Джим Лаусон умер и был погребен, а мы, его товарищи по судну, сидели в кофейне «Прекрасная Циренетта» в Буэнос-Айресе и пили пиво, поминая покойного. Я должен был бы прибавить к его имени величайший и почтеннейший титул и сказать: «моряк Джим Лаусон». Те, кто при жизни назывались просто Джонсонами, Эриксонами и т. д., после смерти всегда именуются полным титулом.
И вот, теперь он лежал, зарытый в чужую землю, с пятью футами песка над крышкой деревянного гроба, а мы пили пиво и поминали его.
Никто не знал, где он родился, — да разве это не все равно? Он говорил по-английски, как американец, по-немецки, как датчанин, отчаянно коверкал норвежский и, хоть не мог бы сдать экзамена по романским языкам, однако умел об'яснятъся и на них, а это, согласитесь сами, больше, чем знают многие, обладающие школьными аттестатами.

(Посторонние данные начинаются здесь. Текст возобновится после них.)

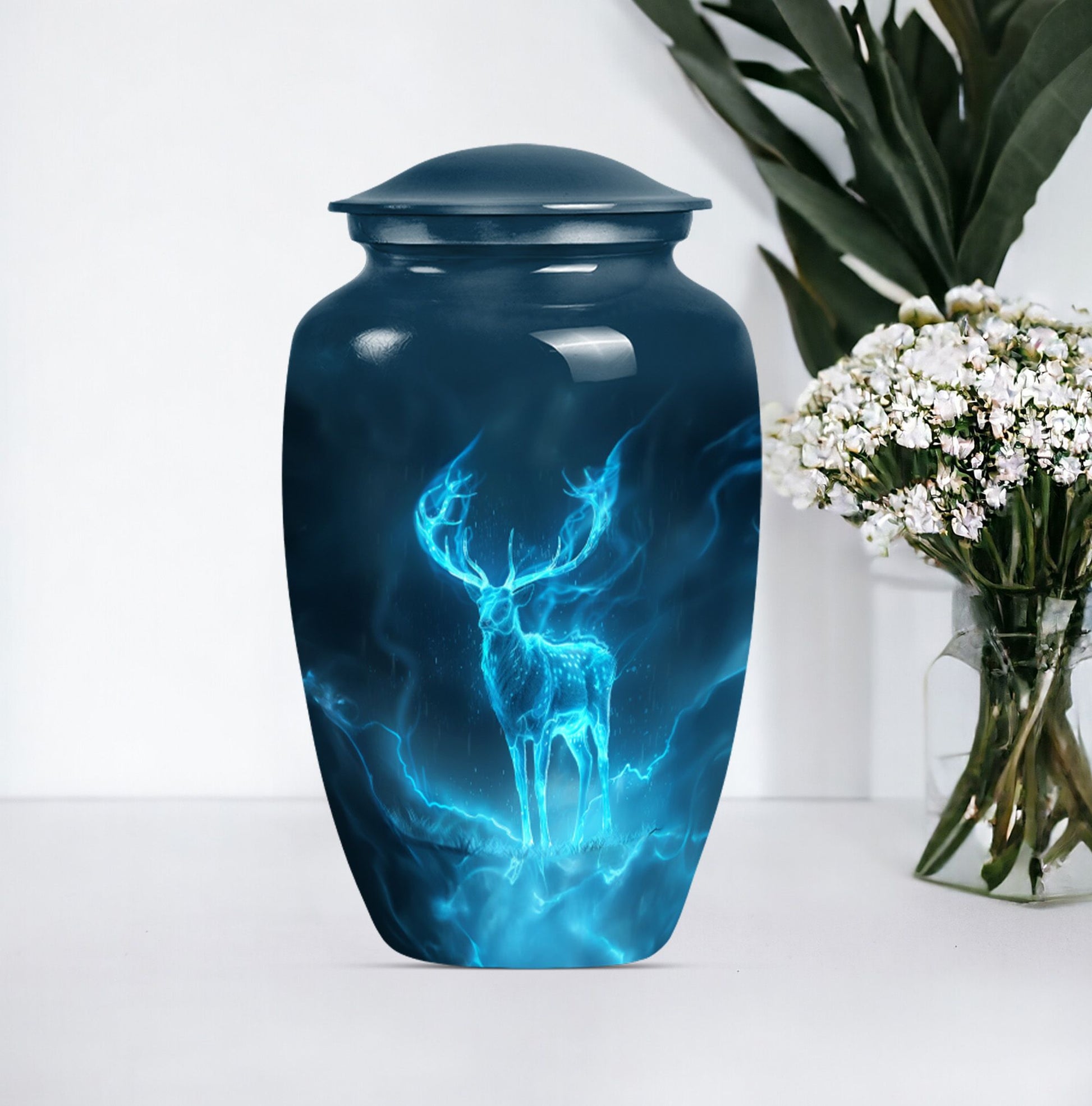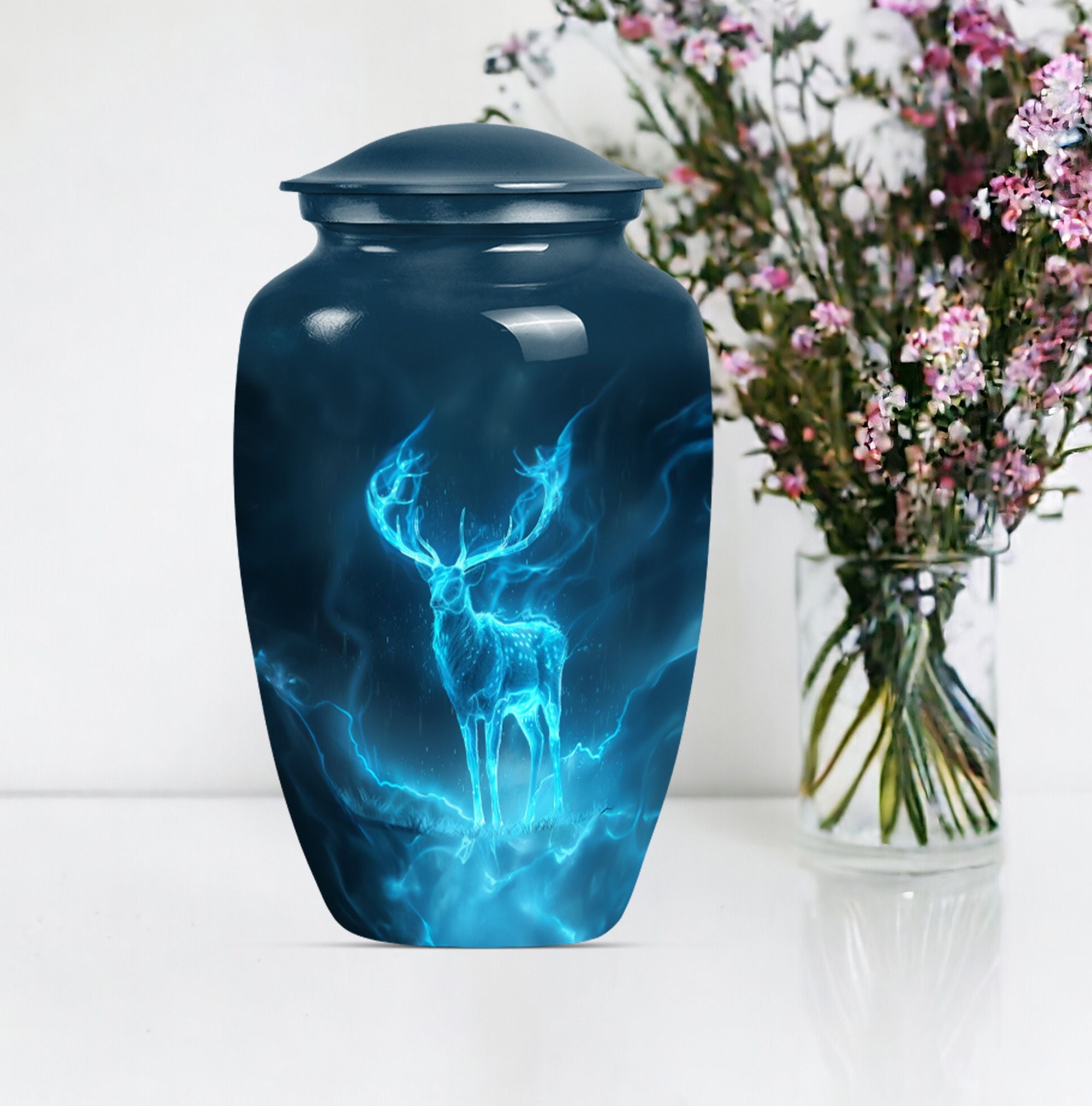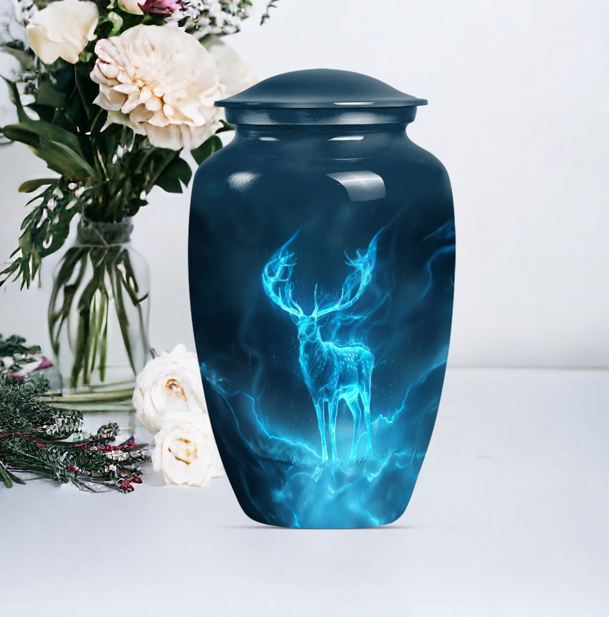 Preserve the loving memories of your departed loved ones with our Deer Urn, a burial urn designed for men but also entirely suitable for women. This large urn, weighing 3.3 pounds and standing at 10 inches tall, boasts a symbolic Wolf Howling theme that can bring dignity and resilience in such a time of sorrow. Crafted from robust and well-polished Aluminium, the urn has a unique ability to stand the test of time and weather. Each urn has a capacity of 200 cubic inches and comes with a charming velvet pouch for convenient containment and safeguarding of the ashes. Moreover, personalize this memorial urn with engraved names to make it truly special and one-of-a-kind. When you opt for the Deer Urn, you're not just picking an urn for ashes; you're choosing a fitting homage to the life of your loved one. Keywords: Cremation large urn for ashes, ash adult ashes women, earn cremation, metal urns for burial in ground.

Он был из тех людей, которые принадлежат всему миру, а потому не имеют определенной родины. Он знал Лондон так же хорошо, как Гавр, и сам был известен в Сан-Франциско так же, как в Мельбурне, Нью-Йорке или Роттердаме.
Он был одним из тех тихих людей, которые делают дело, пока другие разговаривают; успевают сделать два дела, пока другие возятся с одним; не дожидаясь приказания, зашивают порванные паруса; в минуту опасности оказываются на самом ответственном месте; наблюдают за канатом, когда поднимают якорь, и работают насосом, когда требует необходимость.
Джим Лаусон всегда был первым, где было опасно быть первым, и последним там, где рискованно было оставаться. Он никогда не отказывался заменить товарища, которому хотелось провести вечер на берегу; у него всегда оказывалось то, в чем нуждались другие: мыло, спички, табак, бечевка. Он не скупился делиться даже и тогда, когда плавание затягивалось надолго и ему самому могло не хватить. Он во всем, с начала до конца, был настоящим человеком и настоящим моряком и теперь впервые получал вполне справедливую оценку.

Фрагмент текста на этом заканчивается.